Ben Koch steht gerade von seinem Gespräch am Tisch des Evangelischen Krankenhauses Herne auf. Nun, nach seinem Realschulabschluss am Alice-Salomon-Berufskolleg sucht er einen Ausbildungsplatz. „Ich habe im St. Josef-Hospital ein Praktikum gemacht, jetzt will ich Pfleger werden“, sagt der 19-Jährige, bevor er zum Tisch des Knappschaftskrankenhauses weitergeht.

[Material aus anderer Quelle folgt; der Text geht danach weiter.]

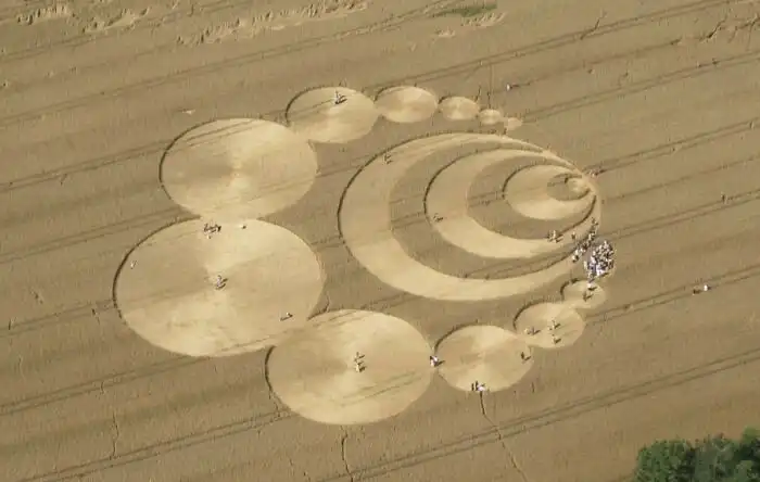 Впервые о кругах на полях заговорили еще в 16 веке, однако это явление привлекло внимание общественности только в 1978 году, когда подобные круги появились на поле недалеко от Уорминстера в Уилтшире, Англия. Именно тогда на юге Англии и во всем мире появились сотни кругов на полях. Как и следовало ожидать, многие обвинили в происходящем инопланетян: считалось, что это следы от приземления НЛО. Но правда гораздо прозаичнее: круги оказались простым розыгрышем. Еще в 1991 году два друга, Дуг Бауэр и Дэйв Чорли, признались, что именно они нарисовали те первые круги на полях Уилтшира. Они рассказали, что их вдохновило письмо, опубликованное в выпуске журнала New Scientist за 1963 год о «гнездах летающих тарелок». Друзья решили немного поразвлечься и попробовать сделать такие круги самостоятельно. Они даже показали BBC, как именно им это удалось: они использовали простую доску с веревками на концах. Один из них стоял, держась за один конец веревки, пока как другой натягивал противоположный конец веревки до упора и ходил по кругу, позволяя доске приминать растения. Бауэр и Чорли признались, что нарисовали сотни кругов на полях по всей Англии, всегда работая под покровом темноты. Несмотря на их признание, некоторые люди все еще верят, что круги на полях – это места посадки НЛО.
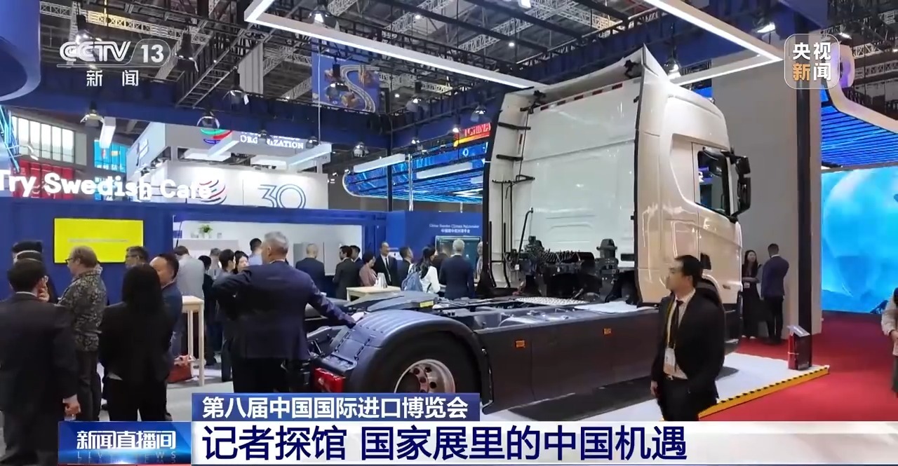 我的AI眼镜第一时间就捕捉到了这个“大块头”,放眼望去,整个国家展里没有比它还大件的展品了。这辆高端重卡车型来自瑞典,是享有“公路之王”美誉的瑞典企业斯堪尼亚带来的重型运输领域的最新成果。别看它块头大,新技术赋予了它高效节能的特点,是今年国家展里最吸睛的展品之一。

Manche Azubis arbeiteten zuvor als Hilfskräfte in der Pflege
„Das Alter der Interessenten ist sehr durchmischt“, sagt Meike Emmerich, die sich bei der Arbeitsagentur um den Arbeitgeber-Service kümmert. Beim „Speed-Dating“ gingen nicht nur unentschlossene Schulabgänger auf der Suche nach einem Ausbildungsplatz von Tisch zu Tisch. „Manche jobben schon seit 20 Jahren als Hilfskraft in der Pflege und wollen sich jetzt weiterqualifizieren.“
Zu dieser Gruppe zählt auch Annika Gültzow. „Mein Jobcoach hat mich geschickt“, sagt Gültzow, die bereits seit vielen Jahren in der ambulanten Pflege arbeitet, sich nun aber weiterqualifizieren will. Einige der Arbeitgeber hätten ihr Interesse geweckt, sie werde sich definitiv bewerben.

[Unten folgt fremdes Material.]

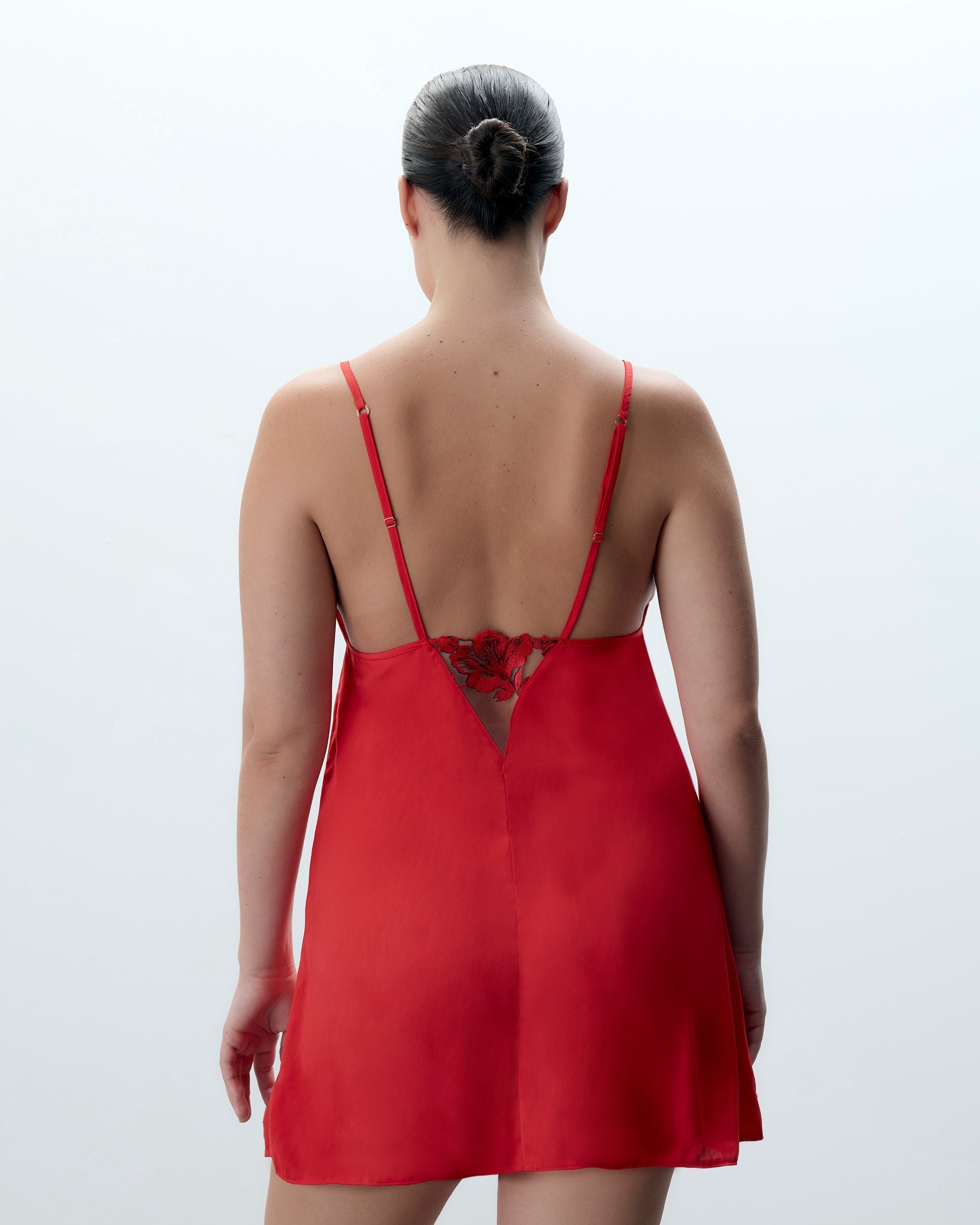 This romantic chemise is crafted from fluid bias-cut satin for a graceful, flattering drape that moves with you. The sheer mesh insert at the chest is adorned with stunning bespoke floral embroidery, framed by a plunging neckline and open back for a touch of dramatic allure.

Veranstalter der kleinen Jobmesse ist das Bündnis „Bochum bewegt Pflege“, das mehr junge Menschen für die Pflege begeistern will. „Viele wissen gar nicht, wie vielfältig der Beruf ist, wie viele Einsatz- und Entwicklungsmöglichkeiten es gibt. Und auch die Vergütung ist häufig besser, als allgemein angenommen wird“, sagt Meike Emmerich.

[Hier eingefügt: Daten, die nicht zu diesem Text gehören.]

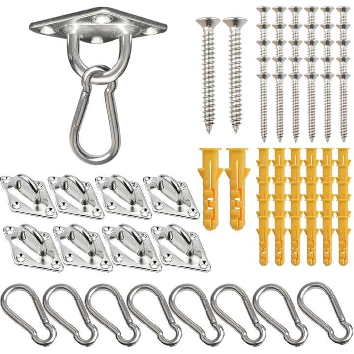 手間いらずのアイプレートキットで、自由自在の楽しみが広がります」この天井フックキットには、アイプレート、カラビナ、ネジ、アンカープラグが必要数含まれています。

Das Bündnis bringe auch eine bessere Vernetzung der 16 Arbeitgeber, Schulen und städtischen Akteure. „Die Kommunikation ist viel einfacher – jetzt geht einfach eine Mail an alle“, so die Expertin der Arbeitsagentur. Das Bochumer Bündnis wolle außerdem „das Image der Pflege verbessern“ und das Berufsfeld sichtbarer machen, und zwar mit Veranstaltungen und „Pop-up“-Ständen in der Fußgängerzone, beim Sportfest oder im Theater. Laut Vanessa Gaffron, Leiterin des Bündnisses, wolle man gemeinsam mit den Bündnispartnern auch die Strukturen hinter dem Pflegeberuf verbessern – denn Pflegekräften sollte es auch möglich sein, langfristig in ihrem Beruf zu arbeiten.